① Reflection & Mirrors

Laws of reflection, mirror formula, concave/convex

② Refraction & Lenses

Snell's law, TIR, lens formula, power

③ Optical Instruments

Eye, microscope, telescope, periscope

④ Wave Optics & Scattering

YDSE, diffraction, Tyndall, blue sky

1. Reflection of Light & Mirrors

1.1

Laws of Reflection & Mirror Formula

The geometry of reflection — incident, normal, reflected ray

Reflection obeys two fundamental laws: (1) The incident ray, reflected ray, and normal at the point of incidence all lie in the same plane. (2) The angle of incidence equals the angle of reflection (∠i = ∠r). These hold for both plane and curved mirrors.

⚡ Mirror Formula & Magnification

Mirror Formula: 1/v + 1/u = 1/f = 2/R f = focal length (= R/2 for spherical mirror) R = radius of curvature u = object distance (from pole) v = image distance (from pole) Magnification: m = −v/u = h_image / h_object Sign Convention (New Cartesian — ALL distances from pole): Distances measured in direction of incident light → POSITIVE Distances measured opposite to incident light → NEGATIVE All real objects: u is NEGATIVE Concave mirror: f is NEGATIVE (focal point in front) Convex mirror: f is POSITIVE (focal point behind) Power of mirror: P = 1/f (in dioptres, f in metres) Note: power of mirror is NOT commonly used (unlike lenses)

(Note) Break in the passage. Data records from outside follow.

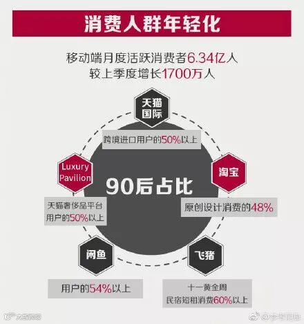 其中,移动端月度活跃消费者有6.34亿人,而90后扛起了半壁江山。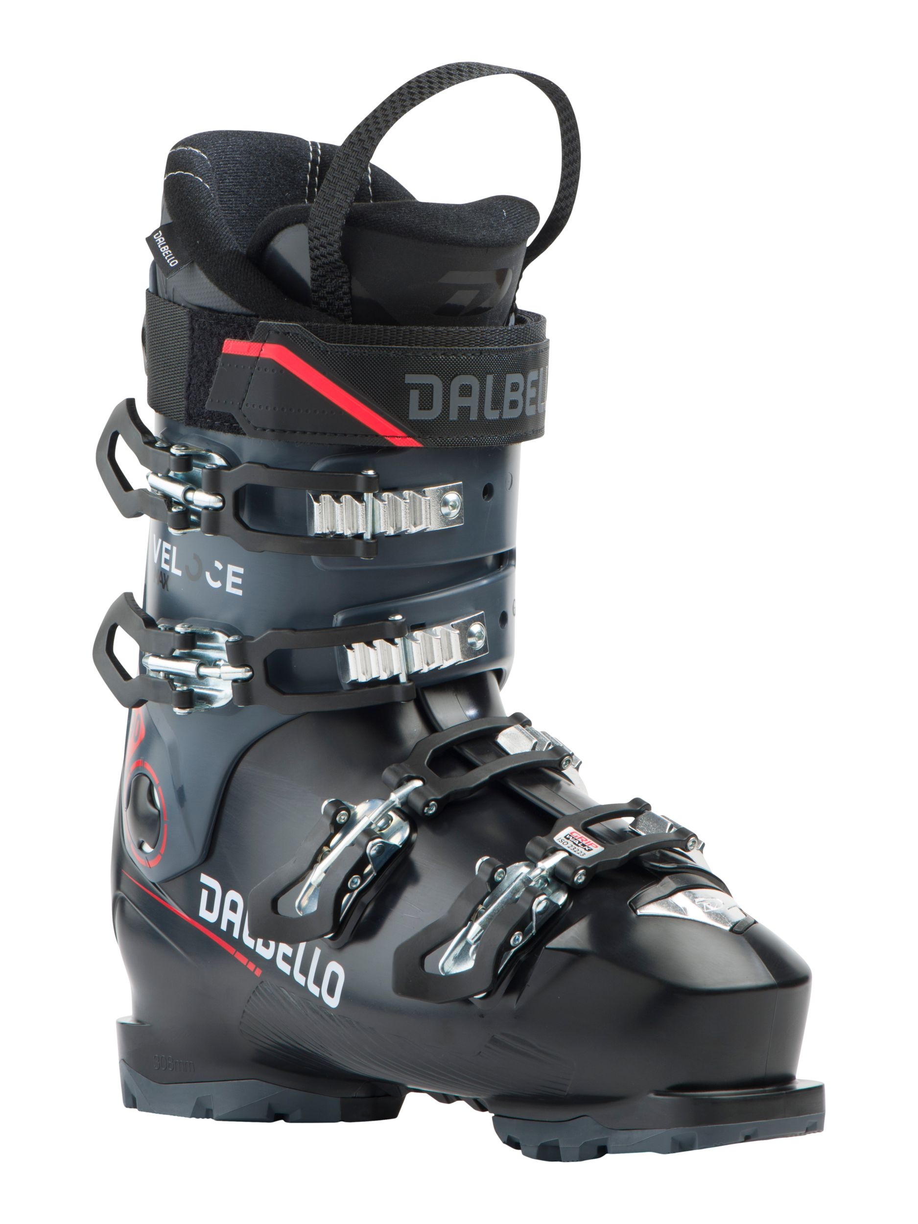 The Dalbello Veloce Max Men's 90 Flex Ski Boots are ideal for skiers with wider feet who want to enhance their performance on the slopes. These wide feet ski boots feature a 104 mm last and a sporty flex index of 90, providing a custom fit and excellent control. The GripWalk outsoles ensure easy walking.
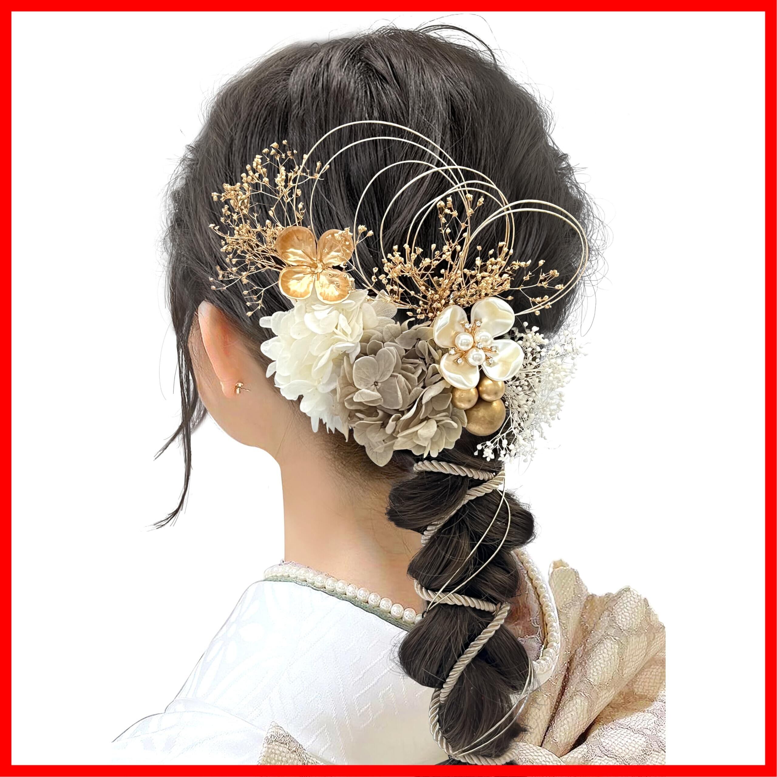 【華麗なデザイン】自然の美しさと華やかさが見事に融合したこの髪飾りセットは、あじさいやかすみ草、水引、パール、そして美しい組紐など、上質な素材を贅沢に使用しています。本物の素材ならではの上品な輝きが特別な日を彩り、優雅で洗練された雰囲気を演出します。人生の節目となるイベントや、思い出に残るひとときを、さらに魅力的に仕上げてくれる一品です。

Sign of magnification: m negative → image is inverted (real image). m positive → image is erect (virtual image). |m| > 1 → magnified; |m| < 1 → diminished.

Mirror Type	Object Position	Image Position	Nature	Application
Concave	At infinity	At F	Real, point	Solar cooker
Concave	Beyond C	Between F and C	Real, inverted, diminished	—
Concave	At C	At C	Real, inverted, same size	—
Concave	Between F & C	Beyond C	Real, inverted, magnified	Projectors
Concave	At F	At infinity	Real, parallel rays	Headlights, torches
Concave	Between P & F	Behind mirror	Virtual, erect, magnified	Shaving/dental mirror
Convex	Anywhere	Between P & F (behind)	Virtual, erect, diminished	Rear-view mirror, security

Fig. 1 — Concave mirror ray diagram (object beyond C). Ray 1 (blue): parallel to axis → reflects through F. Ray 2 (red): through C → reflects back. Image is real, inverted, diminished, between F and C.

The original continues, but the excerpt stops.